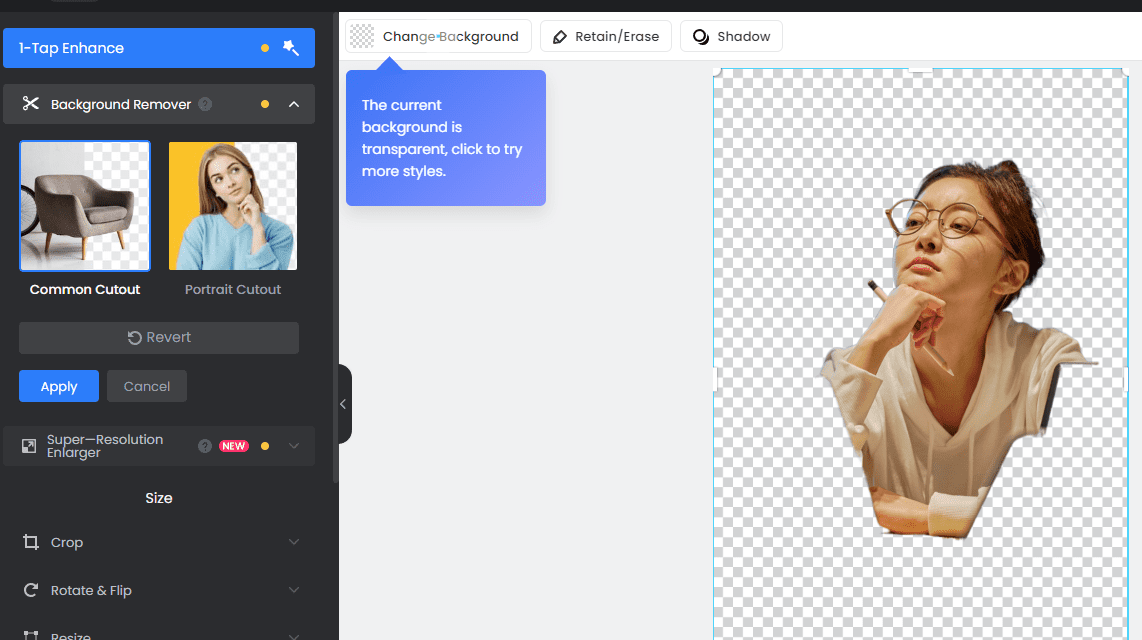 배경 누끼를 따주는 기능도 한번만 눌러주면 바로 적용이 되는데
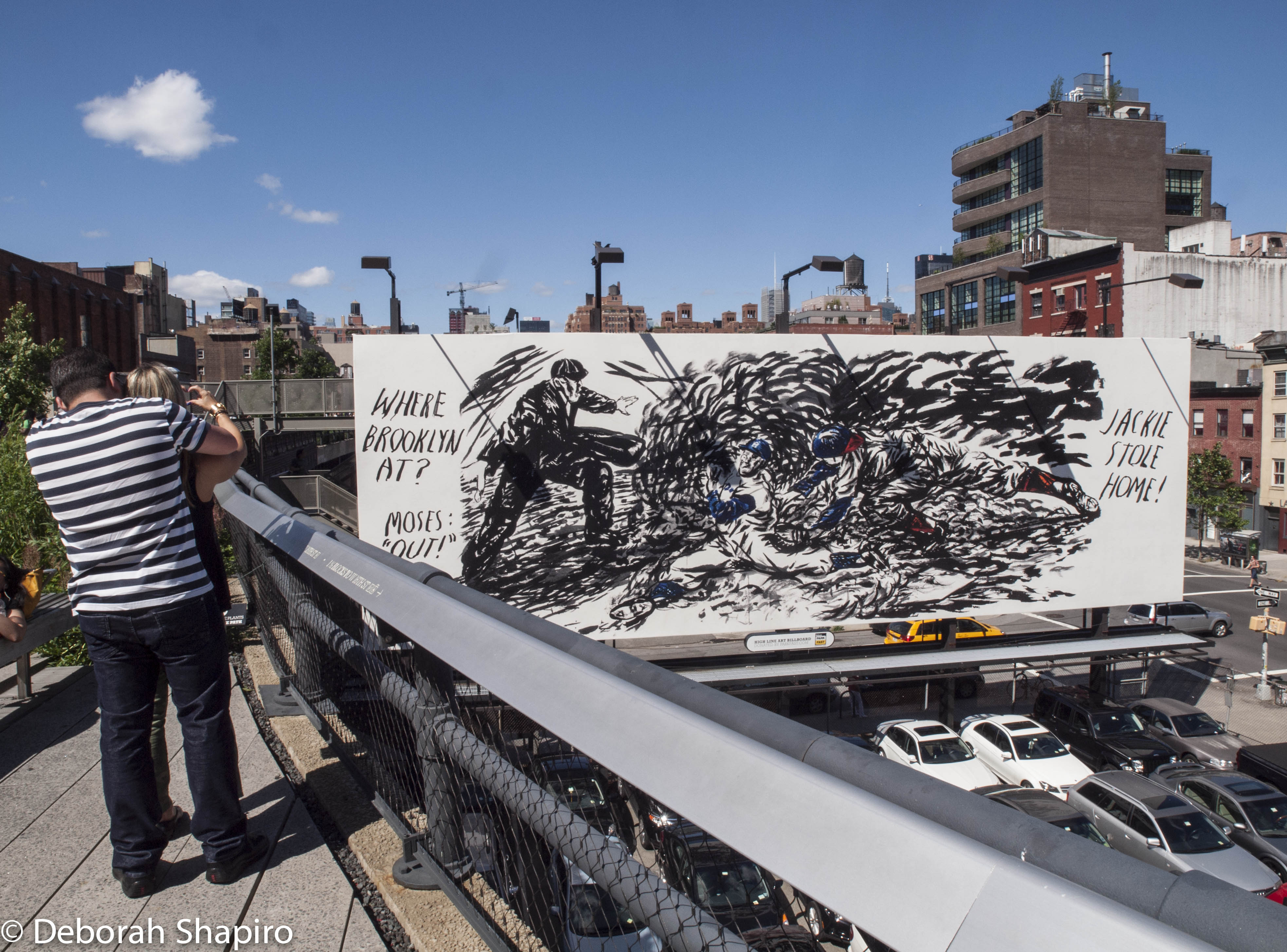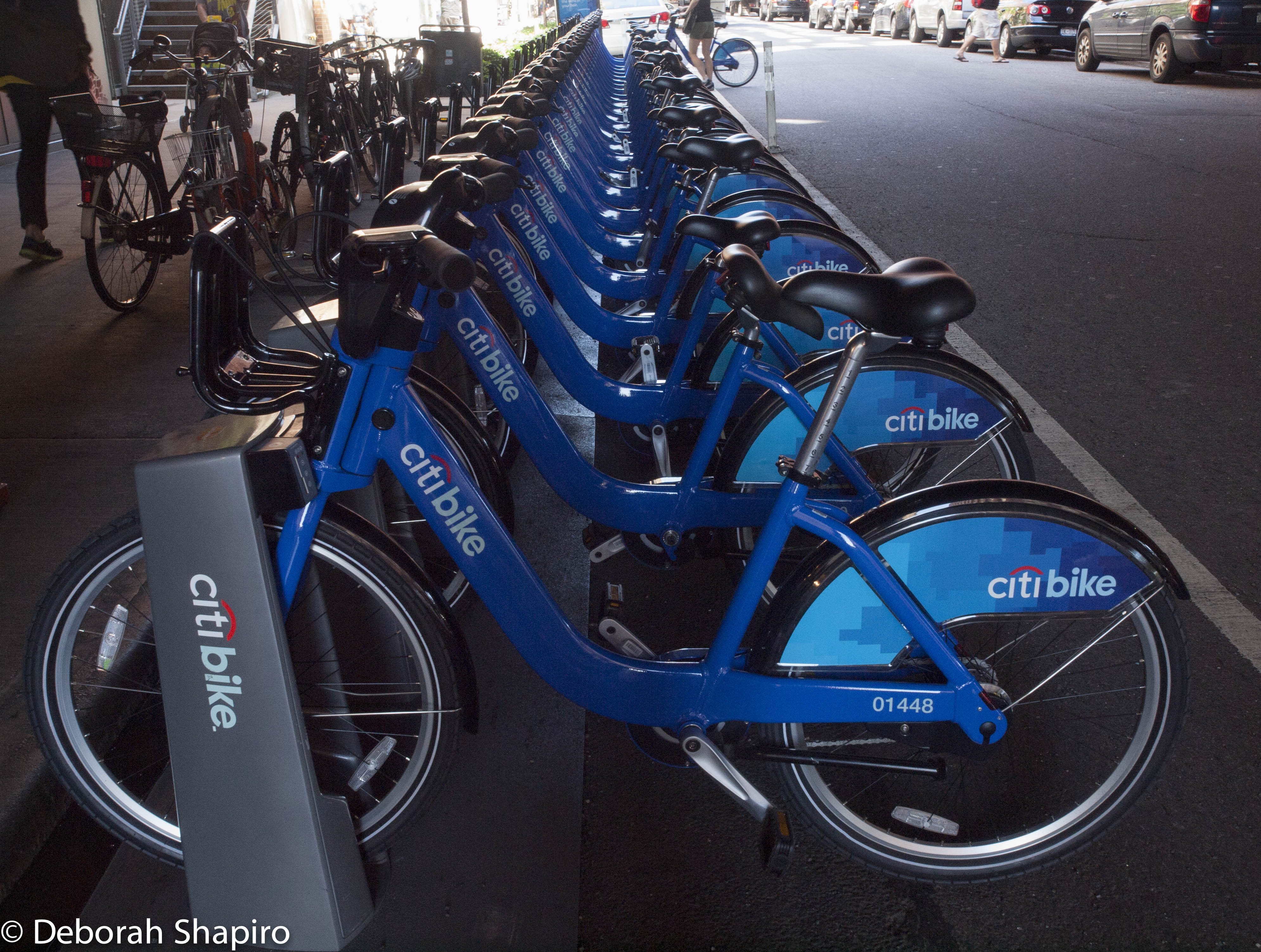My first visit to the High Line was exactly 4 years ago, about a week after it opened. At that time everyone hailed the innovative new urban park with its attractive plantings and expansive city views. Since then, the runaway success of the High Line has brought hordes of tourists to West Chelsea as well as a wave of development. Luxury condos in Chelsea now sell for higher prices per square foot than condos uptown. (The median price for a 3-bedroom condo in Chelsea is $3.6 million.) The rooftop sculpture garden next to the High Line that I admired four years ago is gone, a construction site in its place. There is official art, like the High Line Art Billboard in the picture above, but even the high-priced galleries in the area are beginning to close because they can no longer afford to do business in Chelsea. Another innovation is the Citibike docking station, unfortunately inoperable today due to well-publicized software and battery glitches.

--

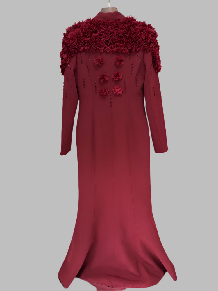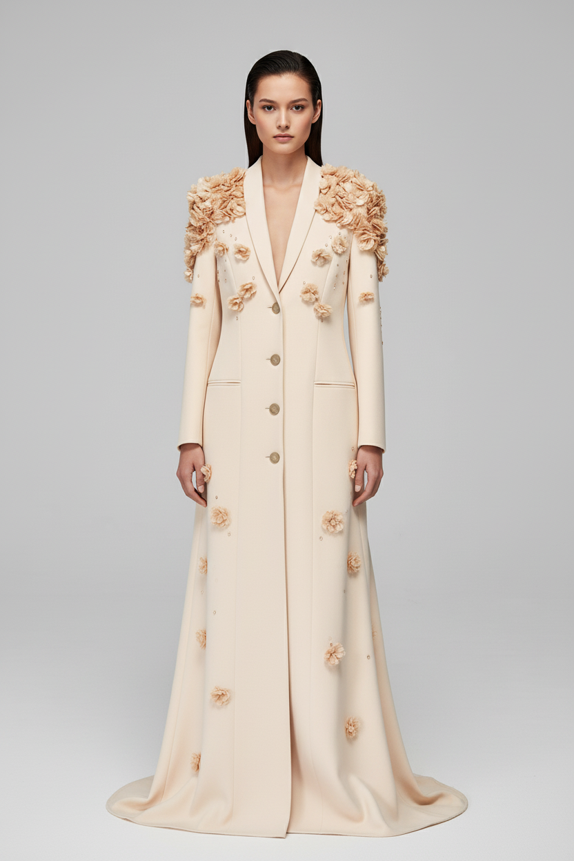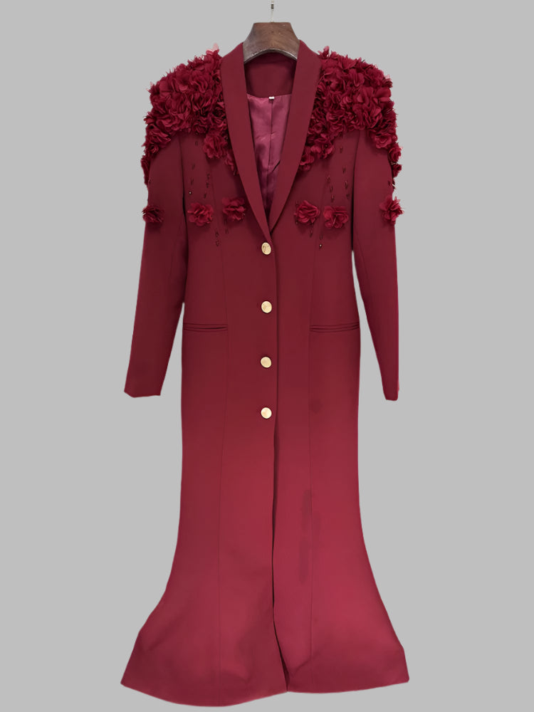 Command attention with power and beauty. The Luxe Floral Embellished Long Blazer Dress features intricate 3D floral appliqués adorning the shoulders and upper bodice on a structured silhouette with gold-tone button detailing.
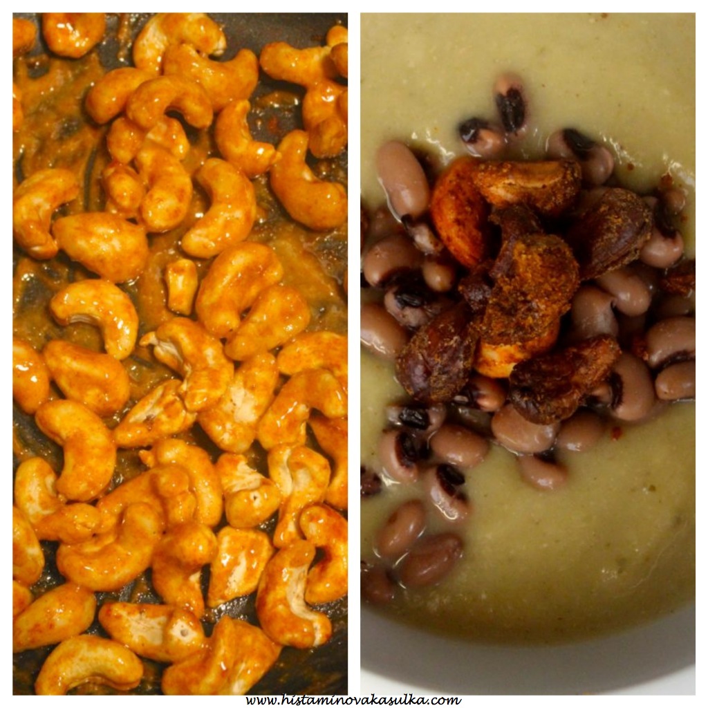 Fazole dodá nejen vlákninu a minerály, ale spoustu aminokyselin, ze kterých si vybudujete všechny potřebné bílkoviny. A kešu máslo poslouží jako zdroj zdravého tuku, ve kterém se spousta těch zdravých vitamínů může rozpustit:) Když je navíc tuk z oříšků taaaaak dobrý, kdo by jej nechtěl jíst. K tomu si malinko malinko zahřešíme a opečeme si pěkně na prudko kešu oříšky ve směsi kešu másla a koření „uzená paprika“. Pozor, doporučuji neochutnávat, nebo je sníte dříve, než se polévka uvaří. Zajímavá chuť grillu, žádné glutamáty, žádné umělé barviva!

...

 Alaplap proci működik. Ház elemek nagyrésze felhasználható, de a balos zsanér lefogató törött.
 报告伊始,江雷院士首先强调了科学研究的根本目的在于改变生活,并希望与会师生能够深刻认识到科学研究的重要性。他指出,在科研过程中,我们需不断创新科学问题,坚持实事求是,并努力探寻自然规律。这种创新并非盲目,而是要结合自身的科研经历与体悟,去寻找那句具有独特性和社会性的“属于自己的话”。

_AIM OF THE EXERCISE:_ With the pictures omitted, restate word for word the lines above from the line that has "배경 누끼를 따주는 기능도 한번만 눌러주면 바로 적용이 되는데" up to and including the line that has "My first visit", and no other lines.

_WRITTEN SOLUTION:_
 배경 누끼를 따주는 기능도 한번만 눌러주면 바로 적용이 되는데
My first visit to the High Line was exactly 4 years ago, about a week after it opened. At that time everyone hailed the innovative new urban park with its attractive plantings and expansive city views. Since then, the runaway success of the High Line has brought hordes of tourists to West Chelsea as well as a wave of development. Luxury condos in Chelsea now sell for higher prices per square foot than condos uptown. (The median price for a 3-bedroom condo in Chelsea is $3.6 million.) The rooftop sculpture garden next to the High Line that I admired four years ago is gone, a construction site in its place. There is official art, like the High Line Art Billboard in the picture above, but even the high-priced galleries in the area are beginning to close because they can no longer afford to do business in Chelsea. Another innovation is the Citibike docking station, unfortunately inoperable today due to well-publicized software and battery glitches.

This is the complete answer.